Well, fast forward 2+ years and SD again begins to contact her Dad- He had made regular attemtps during those 2+ years, calling, sending cards, etc. Never received any replies.

Last Year, I talked to DH about SD moving in with us as she had hinted around. Upon her graduation from HighSchool she did not continue onto college, just worked PT at a grocery store.

Fast forward again--- she moved in with us, we got her enrolled in college, she wound up losing her job, we told her she didn't need to pay anything, just concentrate on her school.

Fast forward 1 semester and we found out that she basically had quit attending classes- Faked us out to believe she was going- blew her entire semester, failed everything.

When this happened, we took swift action. Talked & talked, decided to clamp down with bedtimes, weekly updates on her classes, etc.

During the months since then, things have gone down hill. I've gone home several times to find her sleeping at 12:30 when she's required to be up by 9:30...

DH & I have talked and talked and instituted more rules, monitoring, etc.

After giving her an ultimatium which DH & I were in agreement on- "Walk straight, follow the minimal rules we have or you'll be asked to leave" . . . I found her once again sleeping after she had texted me twice (per our requirements) to verify she was up at 9:30 and 10:30 - Basically she woke at 9:30, texted me, woke at 10:30, texted me and when I walked in the house at 10:45, she was in her dark room with all the lights out, had not been up (BUT she wasn't sleeping- she was just laying there with her eyes closed!!!).

I talked to DH about her leaving and he basically hemmed and hawed his way around it which left me infuriated & at the end of my rope.

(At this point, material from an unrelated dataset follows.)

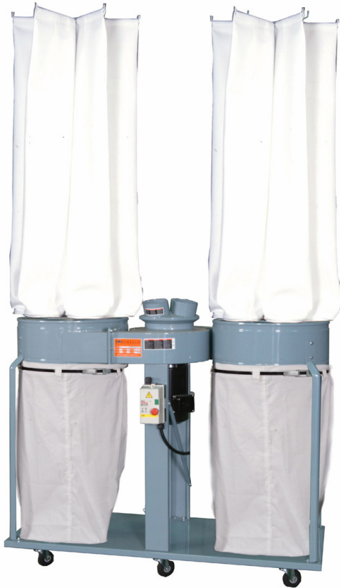
Portable Bag Type Collector

All types of dust collectors are considered acceptable as long as they have been researched, selected for the size of occupancy, designed for that use and installed in conformance with all applicable codes and standards for dust collection and also are approved by the Authority Having Jurisdiction.

So --- here's what I've don:

Told DH that:

I'm done working on helping, guiding, "fixing" her- my focus will now shift to the family as a whole.

I'm no longer willing to let her change the atmosphere in our house to one of chaos, to that end if he & she are engaged in some conflict, the boys & I will get in the car and leave- Hopefully, when we return in an hour or so, they're done with their conflict.

I'm stepping out of the duties of "managing" SD. He'll now be responsible for checking in on her, keeping on top of her class work, etc.

I'm going to look to DH to hold her accountable for chores, bedtimes, etc. So If I come home and her chore isn't done- I'll ask him to do it or see that it's done.

I was very clear with him and told him I need peace for myself and the boys. I'm not trying to punish him but I'm done with the conflict in my life.

I'd ultimately like my SD to leave our house. She's only bringing conflict in and everything we've tried to do to help her has been for nothing. - she's talked about joining the military and I honestly think that would be the best thing for her- she's completely unmotivated- with zero ambition and a serious case of "the grass is greener" syndrome!

I'm 100% prepared to follow through and anticipate having to leave my home with the boys a few times a week when they're having a disagreement with each other.

I'm also prepared to put up with this for about another 5 or 6 weeks. If he hasn't had her leave at that point I'll have to make my next move which would consist of another conversation with DH telling him that, since the situation hasn't improved I feel like it's best for me and the boys to leave for a week or two so he and SD can really work on their problems.

I feel like this is the only thing that will make my DH realize just how much I've been doing on a daily basis for SD and it will bring a harsh light on how much chaos she's causing.

Can anyone give me feedback if you've taken similar steps?- If so how long did the situation continue before a meaningful change occured?